# Moonlight Gills



## SeanStone (Sep 8, 2010)

Went to Acton Lake the other day north of Oxford. I started out bass fishing and caught a few crappies. Night fell and i threw out a pole for carp and kept fishing for bass. An hour or two later and several bait changes i started catching 8" hybrid bluegills left and right on a powerbait tube. This is odd for the spot i was catching them in, i usually only catch 4"-6" green sunfish. The only thing i could draw from this trip is that the bluegill were feeding since the moon was so bright last night. Has anyone else had similar experiences.


----------



## j93bird (Aug 24, 2010)

Forgive my ignorance but what is a hybrid bluegill?


----------



## SeanStone (Sep 8, 2010)

A hybrid is "produced when the male bluegill (Lepomis macrochirus) are crossed with green sunfish (L. Cyanellus)."www.ksuaquaculture.org/Species/Bluegill,Hybrid.htm
You can google images of these fish, they are very similar to a green sunfish, but tend to have distinct vertical bands on their sides. They also tend to have a larger mouth than a normal bluegill.


----------



## j93bird (Aug 24, 2010)

SeanStone said:


> A hybrid is "produced when the male bluegill (Lepomis macrochirus) are crossed with green sunfish (L. Cyanellus)."www.ksuaquaculture.org/Species/Bluegill,Hybrid.htm
> You can google images of these fish, they are very similar to a green sunfish, but tend to have distinct vertical bands on their sides. They also tend to have a larger mouth than a normal bluegill.

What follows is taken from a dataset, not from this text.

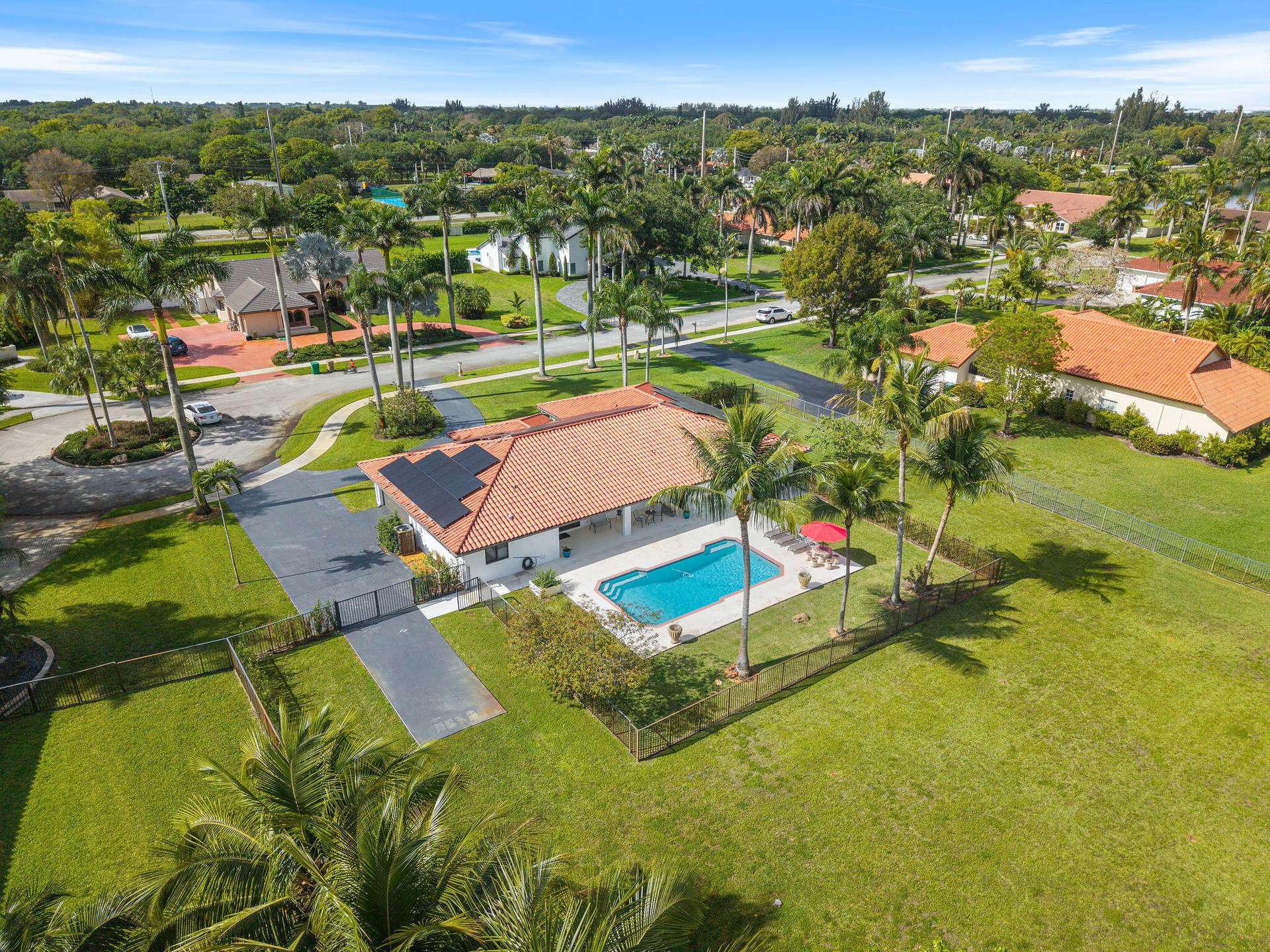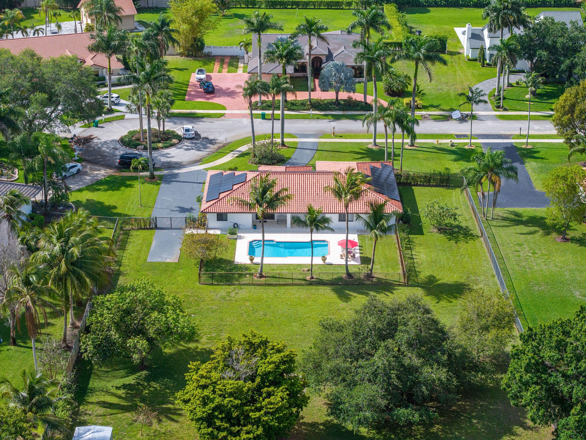 Set on a full acre in sought-after Shenandoah this fully renovated modern hacienda-style estate is a rare offering and the only 1 acre home currently available in the community Located on a wide cul de sac and set back from the road it offers exceptional privacy and curb appeal The home features 5 bedrooms 3 bathrooms and approx 3000 sqft with an open layout wood look flooring plantation shutters LED lighting a custom office and a chef's kitchen with high end appliances and wine fridge Newly installed impact windows and doors throughout Enjoy a resort style backyard with covered patio resurfaced pool 2024 fire pit and lush landscaping Over 300K in upgrades including fully paid solar covering 100 percent of electric usage offering efficiency and long term savings

Very cool, there is so much to learn. Thanks for the information.


----------



## Pole Squeezer (Jun 21, 2008)

Hybrid gills, also occur in the portage lakes here in akron, the redear sunfish, sometimes get crossed up with gills during mating season. Sometimes you'll catch a 10" redear, with bluegill colors, and markings, the fish will be wider than a pure redear. Other times you'll catch a bluegill with redear colors, but a shorter wide body like a gill. Redears, and pumpkinseeds get mixed up too.


----------